What to produce: Give the lines again exactly as they appear, from the first line of the listing through the line containing "Etelä-Savon Osuuspankki Joukkovelkakirjalaina", and omit every picture.
- - -
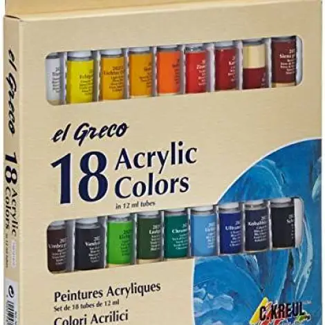 12 ml (Titanium White, Genuine Yellow Citron, Indian Yellow, Vermilion, Carmine Red, Madder Lake, Pale Blue, Ultramarine Blue, Dark Cobalt Blue, Pale Green, Viridian Green, Foliage Green, Light Yellow Ocher, Raw Sienna, Burnt Sienna, Burnt Umber, Vandyke Brown, Black)
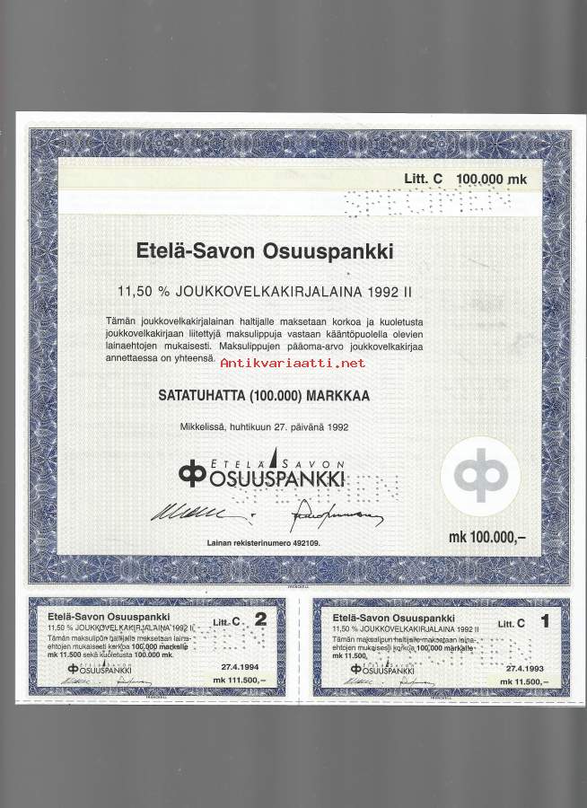 Etelä-Savon Osuuspankki Joukkovelkakirjalaina 1992 II 100 000 mk Mikkeli 27.4.1993, specimen joukkovelkakirjalaina
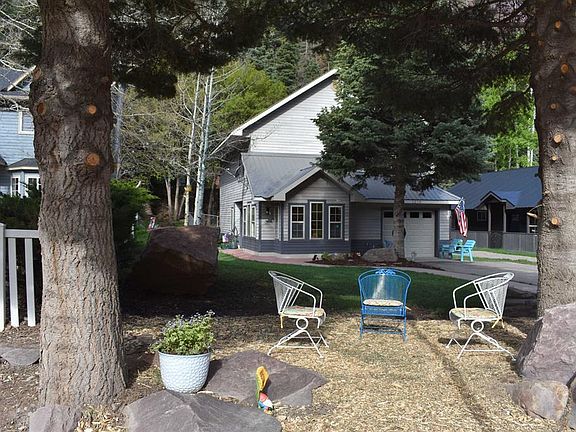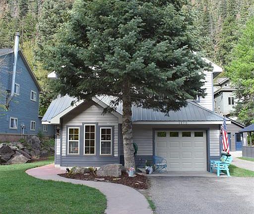 This beautiful home is nestled in the valley one mile north of Ouray, Colorado! Located just across Oak street from the Ouray River walk trail which is great for a walk or a cross country ski in the winter. Easy access to Ouray and all it has to offer. Big mature pine trees, landscaped yard, fenced back yard, patio, and beautiful mountain views are some of the features this property offers. The house is cozy and inviting with lots of windows, a skylight, newer carpet and paint. The first floor has a large living room, dining area, kitchen, pantry, a half bathroom with a laundry closet and a one car garage. The upper level has two guest rooms each with two windows, and high ceilings. These two bedrooms share a bathroom. The primary bedroom is also located on the second story with high ceilings and south facing light and bright windows. There is an en-suite bathroom with a double sink vanity, separate soaking tub and shower, and a separate toilet room. There are two closets for the primary room as well. You can access the fenced backyard through the dining room door. There is a concrete patio, grass and mature trees all ready to enjoy. There is also a nice garden storage shed in the corner of the yard. From the front of the house you can see Gold mountain and down the valley. This home has been a successful short term rental the previous two years. It is currently being used as the sellers primary residence. Come see what this charming house has to offer you!
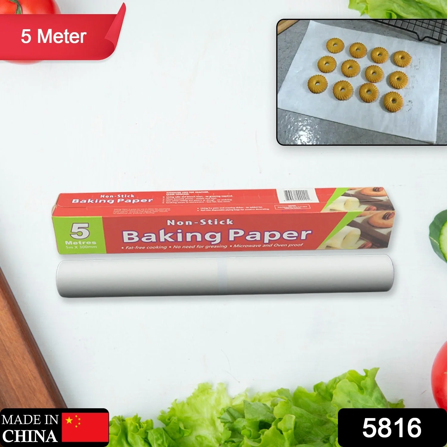 Non Stick Microwave & Oven Proof Parchment Paper/ Baking Paper/ Food Wrapping Paper, Easy to Tear, Easy to Clean, for Grilling, Cooking, deep Fryer, White (5 MTR)
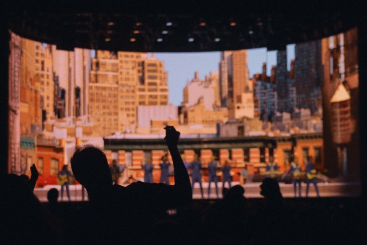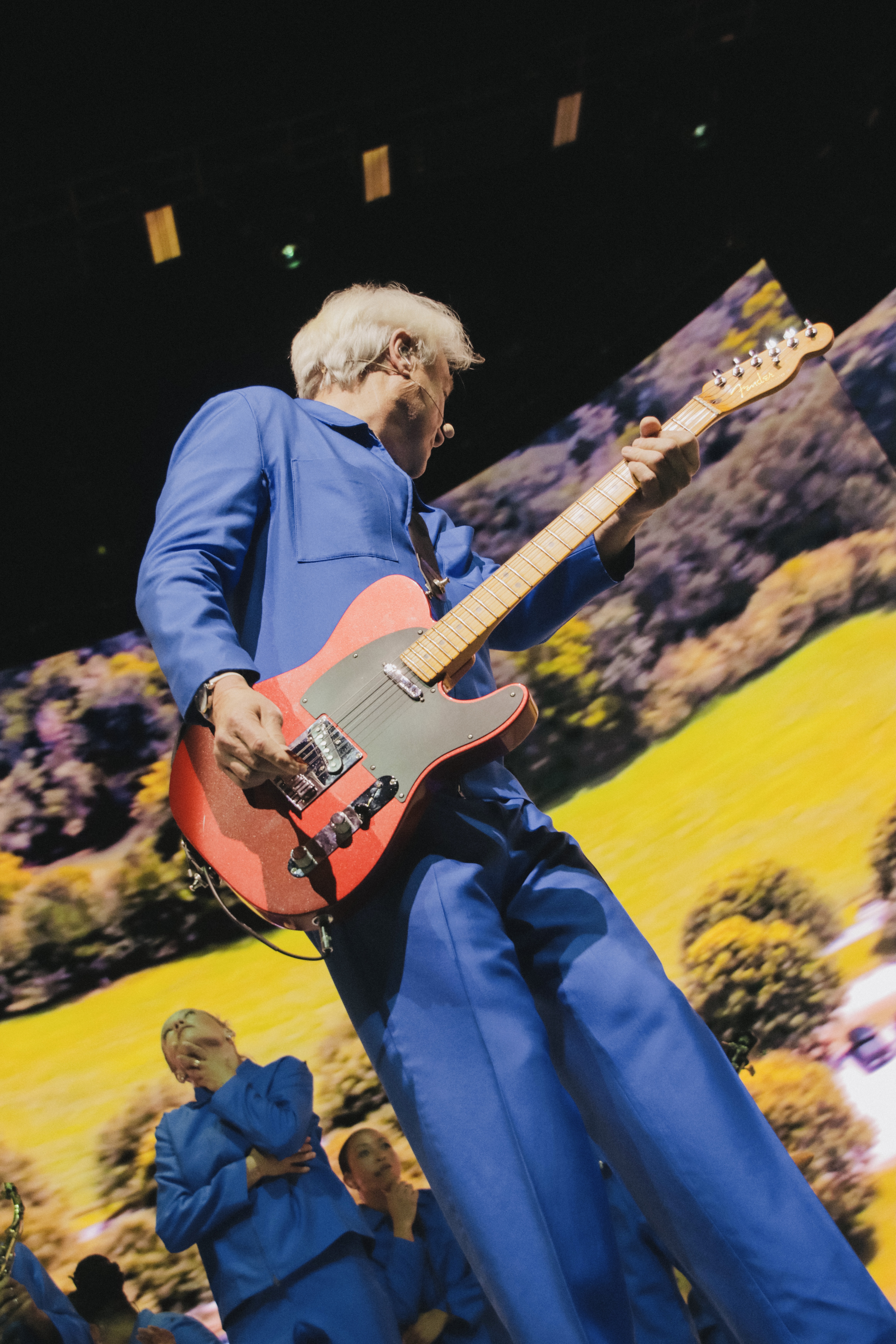 The Spark Arena audience, much like the weather in Auckland that day, was mostly grey on top. (My people!) But there was no lack of energy. Excited chatter filled the waiting space as the massive stage monitors displayed a point-of-view shot situated on the moon’s surface. The dimming of the light drew a roar of anticipation from the crowd, matched only by the adoring screams that followed Byrne’s appearance at centre stage, flanked by three musicians, all clad in the same shade of blue, their instruments strapped to their bodies. As the opening number, Heaven resounded around the arena, Earth appeared slowly on the stage monitor, giving the impression that we were looking out at our home. When the number finished, Byrne pointed at our little planet. Telling the audience, "There she is, our heaven, the only one we have". That simple gesture was enough to orient the audience in the direction the show would take. An exploration of what it means to experience life on earth, to be human amongst other humans.
- - -
Answer to the exercise:
 12 ml (Titanium White, Genuine Yellow Citron, Indian Yellow, Vermilion, Carmine Red, Madder Lake, Pale Blue, Ultramarine Blue, Dark Cobalt Blue, Pale Green, Viridian Green, Foliage Green, Light Yellow Ocher, Raw Sienna, Burnt Sienna, Burnt Umber, Vandyke Brown, Black)
 Etelä-Savon Osuuspankki Joukkovelkakirjalaina 1992 II 100 000 mk Mikkeli 27.4.1993, specimen joukkovelkakirjalaina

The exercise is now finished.